Shit. Shit, shit, shit. Nezumi focused on the street ahead of him. There were a few people on the sidewalks, even in the early morning, but no other men and women in black suits. Nezumi didn't let that calm him. As bad as things were now—he'd underestimated how much of a lead he and Shion had on the Lab—they would be so much worse if they got cornered. Nezumi's only hope was that he and Shion had put enough distance between themselves and the town before someone called the police.
Nezumi dared a glance over his shoulder. Down the street, nestled between two empty trash bins, was a dark red vehicle. It looked cramped in the back, and Nezumi's heart clenched at the sight of it.
Nezumi recognized the taste of fear. He had been cornered by two of Horizon Lab's agents only once in his lifetime. After he twisted their unexpecting minds and turned them away with a desperate thought, Nezumi vowed it would be the only time. Years on the run had transformed him from a trembling child into a master manipulator. He had avoided run-ins with the Lab before, and he would avoid them again.
All he needed to do was keep running.
That was why he'd lived as long as he had. If he kept running, he could stay two steps ahead. The black uniforms and that stupid orange logo made their agents stick out like sore thumbs. Most of them were arrogant and easy to evade. The issue Nezumi had with them wasn't so much the quality of the agents, but the quantity. Nezumi had seen many different agents over the years. The Lab never seemed to run out of new recruits, and it was only a matter of time before they uncovered a particularly good one.
But Nezumi had been a little boy when he first ran from them. Two agents had cornered him in his bedroom, attempting to coax him out from under the bed and into the transport van they'd failed to corral his parents into. Nezumi had curled in on himself, tears dripping down his cheeks, and thought "go away, go away, go away" until the two agents stepped back, their eyes vacant, and returned to their cars without a glance back.
Nezumi had crept into the woods, in the dead of night, leaving his parents' and the old woman's corpses behind. There had been no time to stay and mourn them.

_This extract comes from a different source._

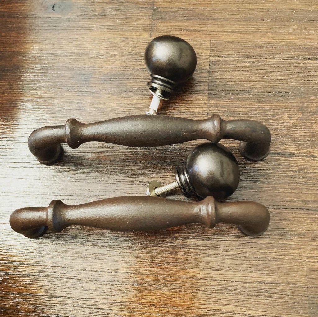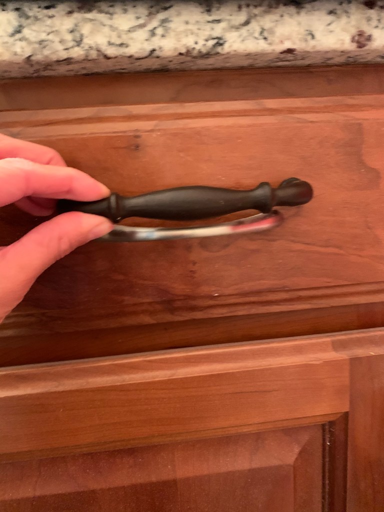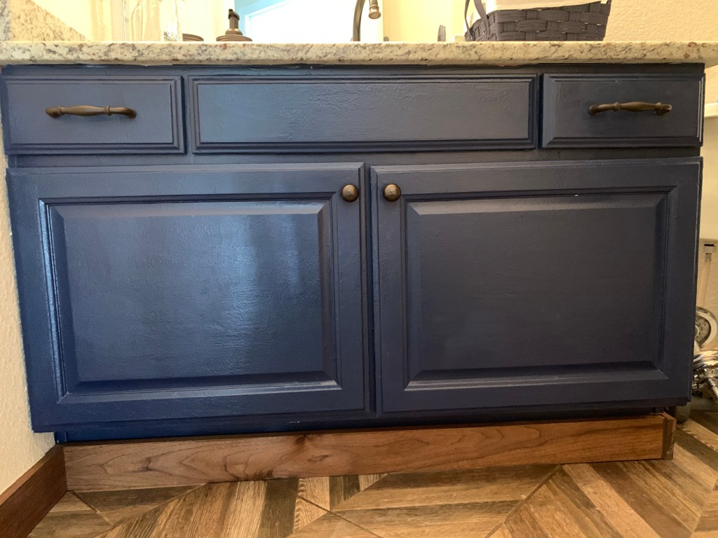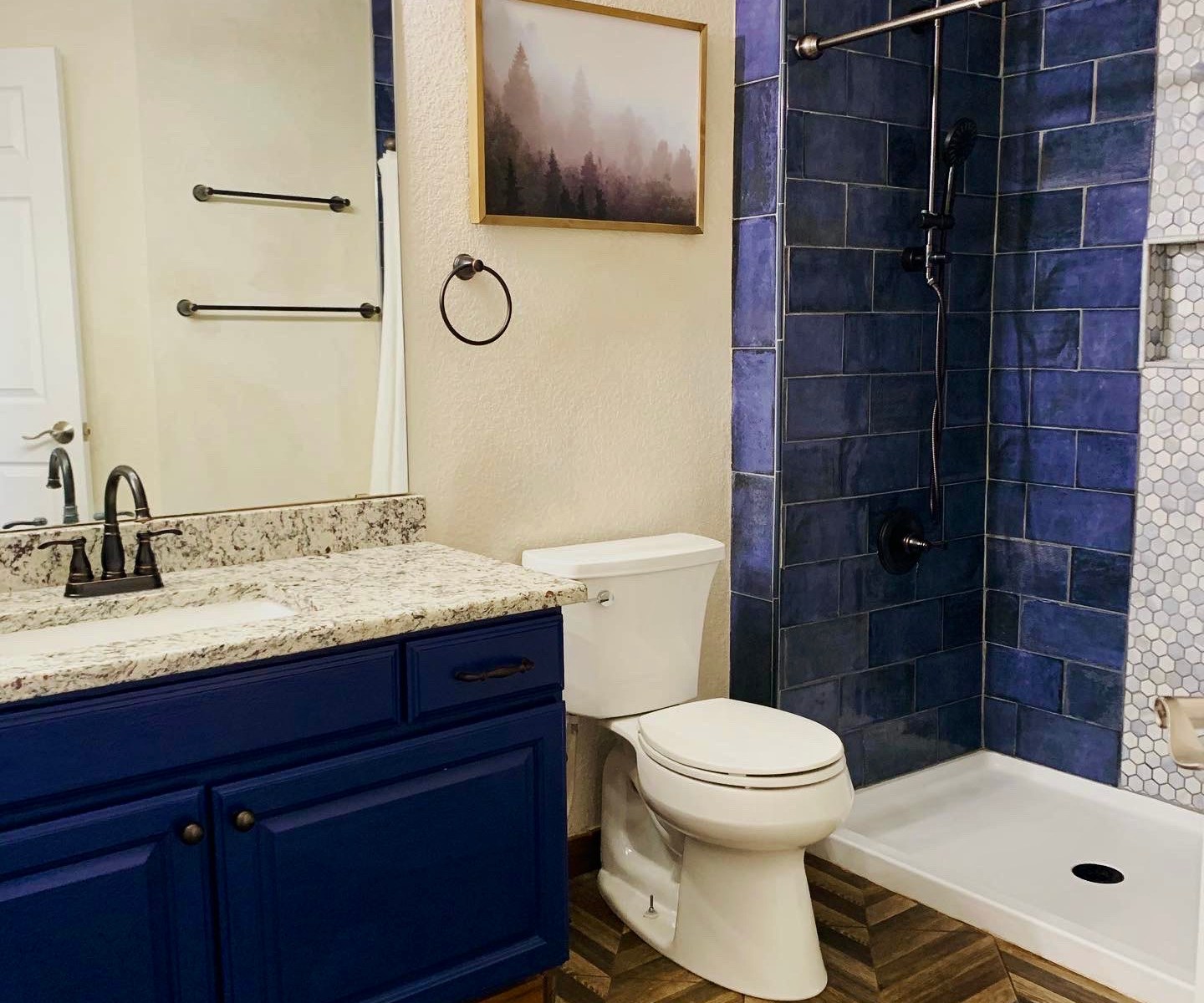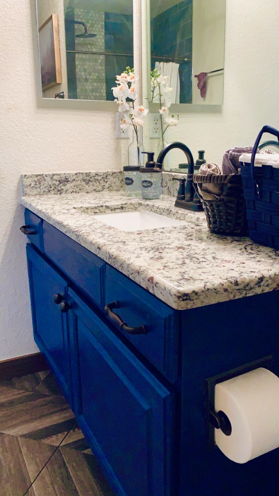 I wanted to add a pop of color but instead of painting the wall I thought painting the bathroom vanity would be a better idea. The vanity was a little outdated so instead of replacing it we up cycled it. We painted the vanity a navy blue color and replaced the knobs. I found really cute knobs at Hobby Lobby that were antique looking and matched the bronze fixtures. We then replaced the sink faucet to match the bronze. I like to have faucets with high arc spout types for the bathroom. High arc spouts are usually found in kitchen sinks so I think they bring a more elevated and unexpected look when used in bathroom design. Since the holes were already cut for a centerset faucet we had to stick with that type. We didn’t want to replace the countertop.
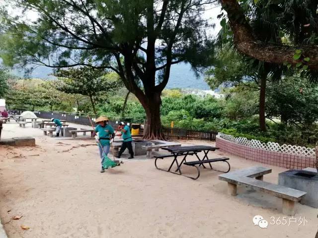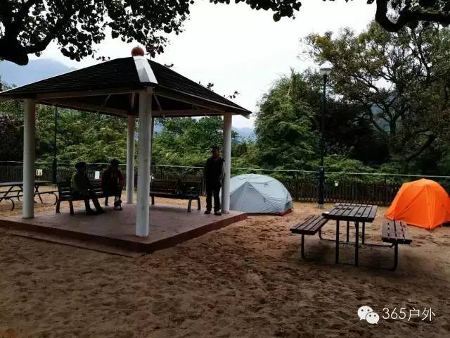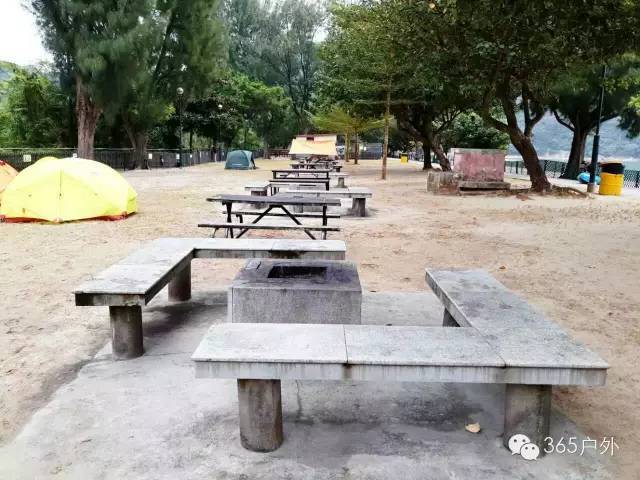 贝澳营地是政府为当地人设计的休闲放松烧烤的地方,归政府下面的康文署管理。整个营地有52个营位,沿着海滩铺设。1-40的营位设计是:靠海滩一面是营位,隔条马路的对面是烧烤炉及用餐桌;而41-52的营位却是营位跟烧烤炉及用餐桌在同一边,与海隔条马路。每个营地是一个卡位,用钢管拦起来。这样大家不会在营地上乱搭帐篷,比较有秩序,贝澳营地旁边,还有一个沙滩,很多当地人来游泳,如果露营者乱搭帐篷,会占了沙滩的位置。每个营地里有一棵树,一张木桌子,两张长凳子,标准配置,每个卡位的对面,隔着小路,有一个烧烤炉,做饭用。每个卡位的标准配置是,卡位内桌椅一套,卡位内大树一棵,卡位对面烧烤炉一个,桌椅一套,路上路灯一个,垃圾箱一个,有的卡位,还有凉亭一个。不用担心会和别人抢炉子用,抢凳子坐,每个卡位都设施齐备,各用各的。卡位对面的桌子,凳子,属于各个卡位的标准配置,做完饭后,端到这里来吃。烧烤炉是石头做的,做饭可以,坐在上面吃饭,就太凉了。

On that day, Nezumi vowed to never again give someone the chance to corner him. He kept his guard up at all times, always looking over his shoulder and sneering at every person he passed with distrust.
Behind him, Shion stumbled over a crack in the curb, and he almost crashed into an old woman and her tiny white dog who stepped out from one of the stores lining the walkways. The dog yelped and snapped at Shion's ankles.
"Watch where you're going," the woman growled. She stormed down the curb with her nose stuck in the air. The dog mimicked its owner and marched along the pavement with its tiny snout pointed skywards.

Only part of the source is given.